Esta ha sido la pauta de una mayoría de gobiernos en las Américas después de la expulsión de Cuba la Organización de Estados Americanos (OEA) y el inicio de la erosión (tenaz y colectiva) del embargo norteamericano. Con la excepción de los períodos en que surgieron regímenes militares, cada uno de los países latinoamericanos y caribeños se aprestaron a normalizar (según sus necesidades, conveniencias y capacidades) la relación con Cuba.
En este apartado, destacan ahora dos actores cruciales: México y Canadá. El nuevo gobierno mexicano, por un lado, sentirá la presión de normalizar la relación con La Habana que quedó dañada durante la administración de Vicente Fox. Combinando la insistencia en la dimensión de los derechos humanos con la necesidad de tener a Cuba estabilizada, la nueva administración de Felipe Calderón debe hacer todo lo posible a su alcance para que el gobierno cubano dé señales de poder contribuir a la tranquilidad en la zona, de forma que la seguridad nacional mexicana no quede afectada.

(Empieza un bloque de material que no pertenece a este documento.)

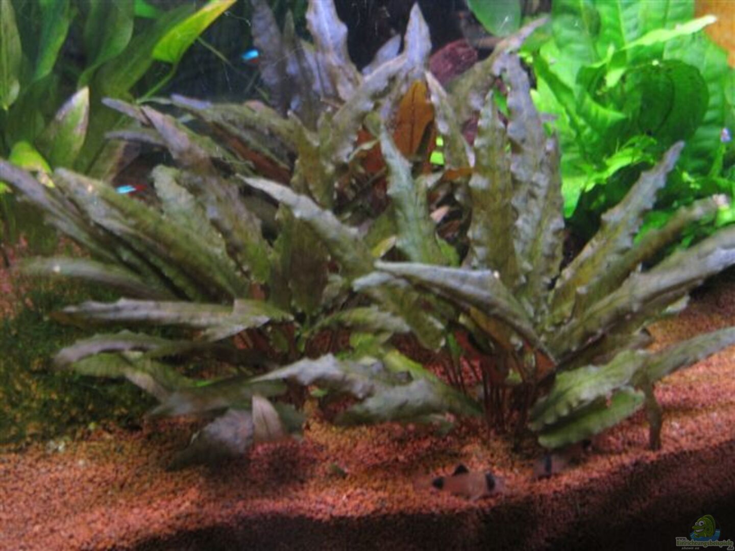 Hier findest du viele Infos zur Pflege und Beispiele für die Einrichtung deines Aquariums mit Grasblättriger Wasserkelch (Cryptocoryne cordata).
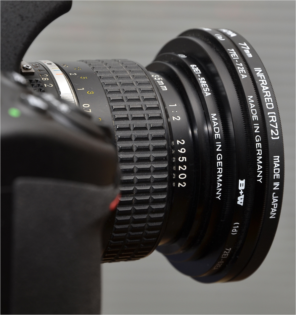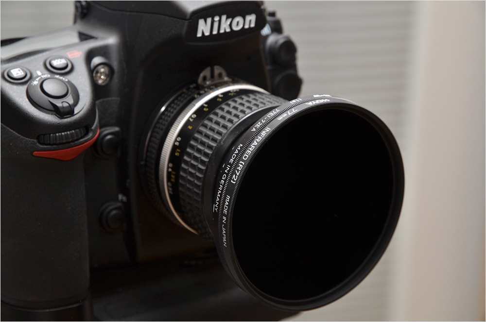 Daher habe ich hier zwei „indoor“ Fotos der D700 mit dem 2.0/35mm und dem Infrarot-Filter die ich eben für Euch mit der D7000 und einem Nikon SB-800 gemacht habe. Mit dem SB-800 habe ich einfach nach oben gegen die weiße Decke geblitzt. Man sieht hier sehr schön, dass dieser IR-Filter fast schwarz ist. Ist er vor dem Objektiv, sieht man nichts aber auch gar nichts durch den Sucher. Auch der Live-View funktioniert damit NICHT!
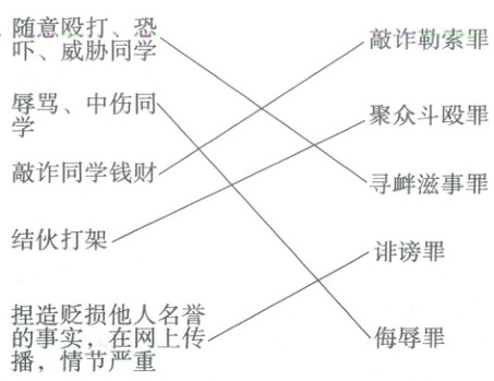 请用连线的方式把校园严重欺凌行为与对应的刑法罪名连起来。

Por otra parte, a México le conviene no aparecer ejerciendo una política hacia Cuba diferente del común denominador latinoamericano (mínimo y difícil, teniendo en cuenta la disparidad actual), sino que al contrario debiera colocarse a la cabeza de las iniciativas moderadas del conjunto. La complejidad de la coyuntura actual de América Latina es lo suficientemente complicada como para constituir un reto en lo que respecta a la política hacia Cuba. De ahí que México puede resultar el actor idóneo para situarse en el liderato de una tendencia centrista que soslaye los extremismos de alianzas incondicionales con La Habana, como es el caso notorio de Venezuela, y al mismo tiempo se distancie de la actitudes que presentan visos de seguidismo de las consignas de los Estados Unidos. Así, por lo tanto, México puede junto con Brasil formar un sólido bloque con gobiernos de tendencia socialdemócrata como los de Chile y Perú.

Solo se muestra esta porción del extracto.